Although the woman in the hat is unidentified, Mason and researchers have a suspicion about who she is, but are still trying to nail it down, he said. He hopes they can identify her and say more about her life when a more comprehensive exhibition opens in the fall.
A studio fire in 1912 destroyed the Holsinger Studio’s early business ledgers and some negatives, leaving many people in the portraits unidentified. The library collection, acquired in 1978, comprises approximately 9,000 dry-plate glass negatives and 500 celluloid negatives.
“With the Holsinger Portrait Project, we want to change the way people see our history – and I mean, see it literally and understand it,” said Mason, who is co-director of the project. “The exhibition is a way of telling history that doesn’t start with oppression, but with beauty, style, grace and dignity.”
Nowadays it’s commonplace to share selfies taken with smartphones on social media, but it was a big deal to get a photographic portrait made 100 or so years ago. The African Americans in the Holsinger Studio portraits clearly look like they wanted to show themselves in the best light, as a counterweight to the discriminatory forces leading to Jim Crow laws, restrictions and segregation, Mason said.

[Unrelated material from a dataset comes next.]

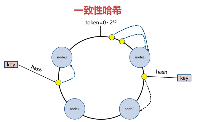 一致性哈希分区也是客户端分片方式,通过hash(key) % nodes + 顺时针规则找到对应的数据节点,相比于节点取余分区方式,一致性哈希算法特点: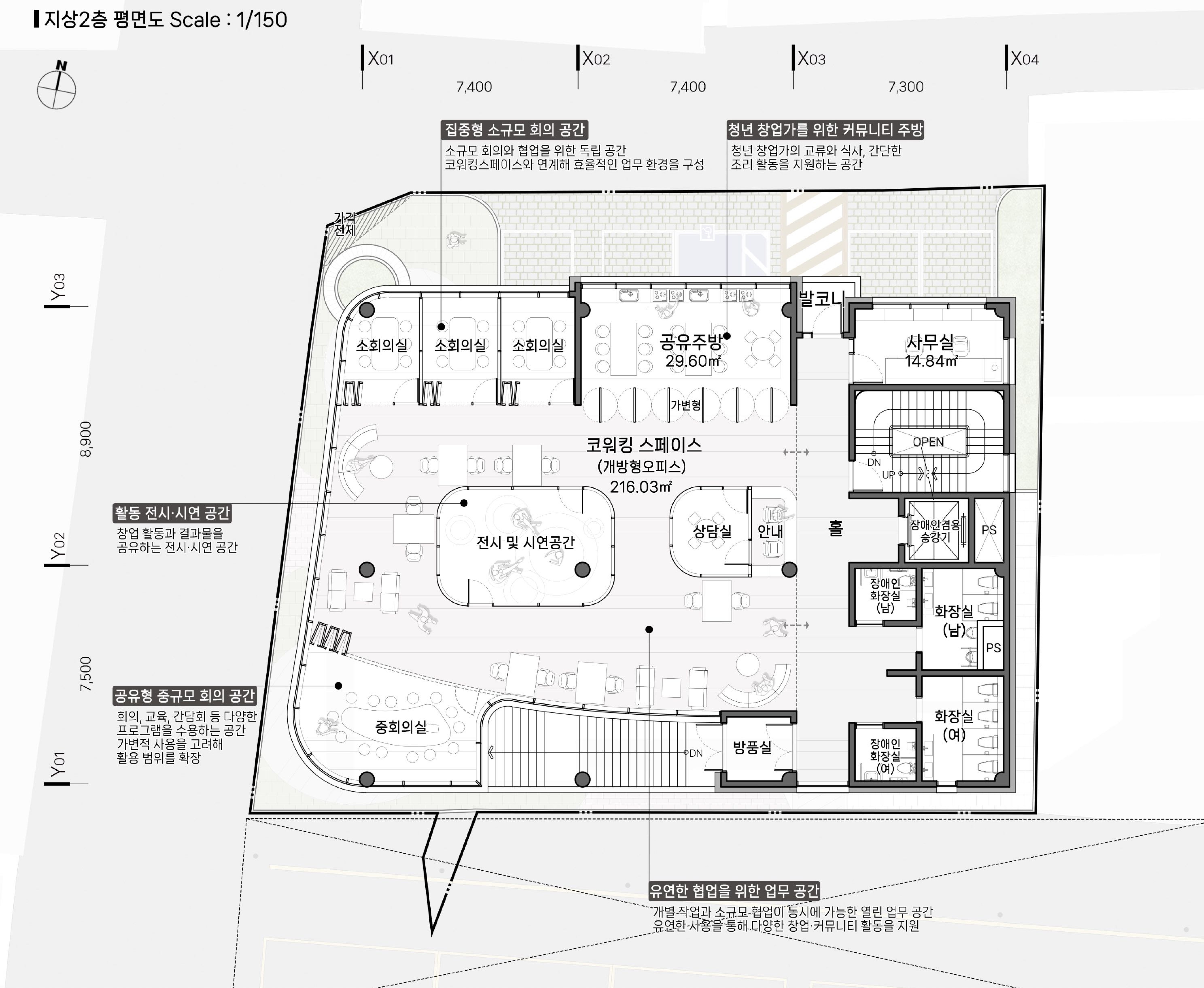 2층은 청년 창업가를 위한 코워킹스페이스를 중심으로 구성했다. 개방형 레이아웃 안에 다양한 좌석 유형과 소규모 회의실, 상담실, 전시·시연 공간을 배치해 협업과 교류가 자연스럽게 발생하도록 했다. 1층과 직접 연결되는 동선을 통해 전시와 프리마켓이 즉각적으로 이루어질 수 있도록 연계성을 강화했다.

Mason studies and teaches the history of photography and has focused on early 19th-century South African history and South African popular culture, including the Cape Town New Year’s Carnival. Several years ago, he served as vice chair of Charlottesville’s Blue Ribbon Commission on Race, Memorials and Public Spaces. National Geographic magazine approached Mason in 2018, asking if he would help the magazine examine and acknowledge the racist coverage that predominated so much of its 130-year history.

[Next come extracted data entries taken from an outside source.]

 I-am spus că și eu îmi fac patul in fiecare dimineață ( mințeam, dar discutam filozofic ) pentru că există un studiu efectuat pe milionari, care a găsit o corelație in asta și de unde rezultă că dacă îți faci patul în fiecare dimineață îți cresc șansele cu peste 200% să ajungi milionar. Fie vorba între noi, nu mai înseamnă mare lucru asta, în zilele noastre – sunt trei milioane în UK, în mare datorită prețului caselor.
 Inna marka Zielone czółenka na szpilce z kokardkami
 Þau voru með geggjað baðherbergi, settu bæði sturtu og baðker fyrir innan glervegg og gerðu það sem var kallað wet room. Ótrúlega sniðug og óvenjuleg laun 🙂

Researching and promoting the work of photographer Rufus W. Holsinger, who moved to Charlottesville in the 1880s and lived there until his death in 1930, has been occupying Mason in recent years.

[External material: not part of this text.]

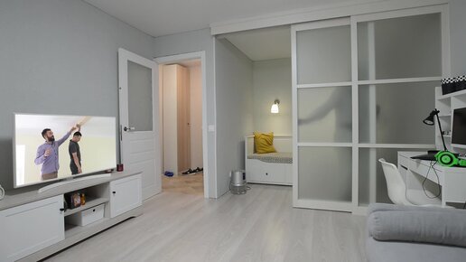 раздвижная каскадная перегородка для спальной зоны и гостиной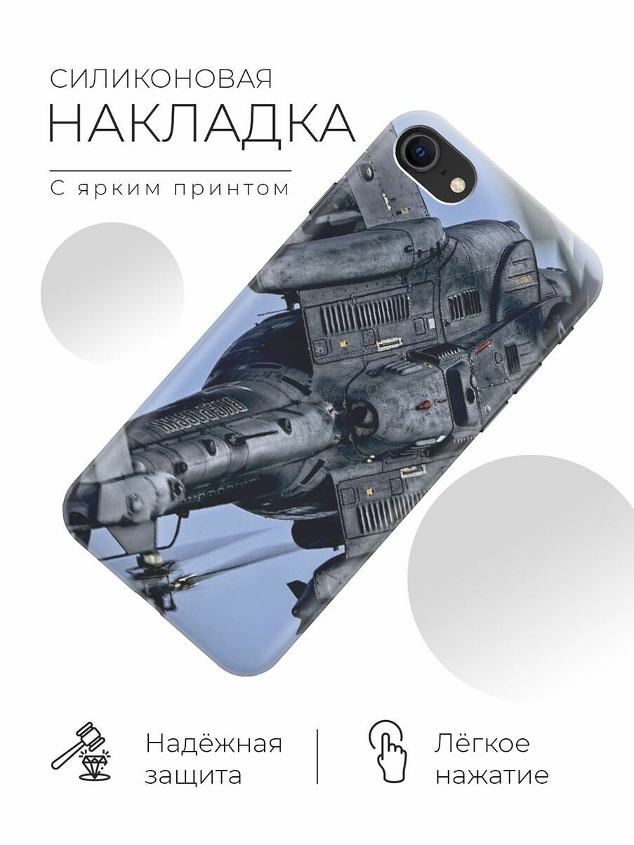 Мобильный телефон Силиконовый чехол на Apple iPhone SE (2022) / SE (2020) / 8 / 7 / Эпл Айфон СЕ 2022 / СЕ 2020 / 8 / 7 с рисунком "Боевой вертолет"

Holsinger turned his lens on Charlottesville, capturing both daily life and pivotal moments such as the burning of the Rotunda in 1895. He ran a successful studio, employing about 20 workers, including other photographers. They also took thousands of portraits, including approximately 500 portraits of African American residents in Charlottesville and the surrounding area. (His son Ralph took over the studio and ran it until retiring in 1969 and selling the business, which operated until 1977.)
Individuals and families usually posed in the Holsinger Studio.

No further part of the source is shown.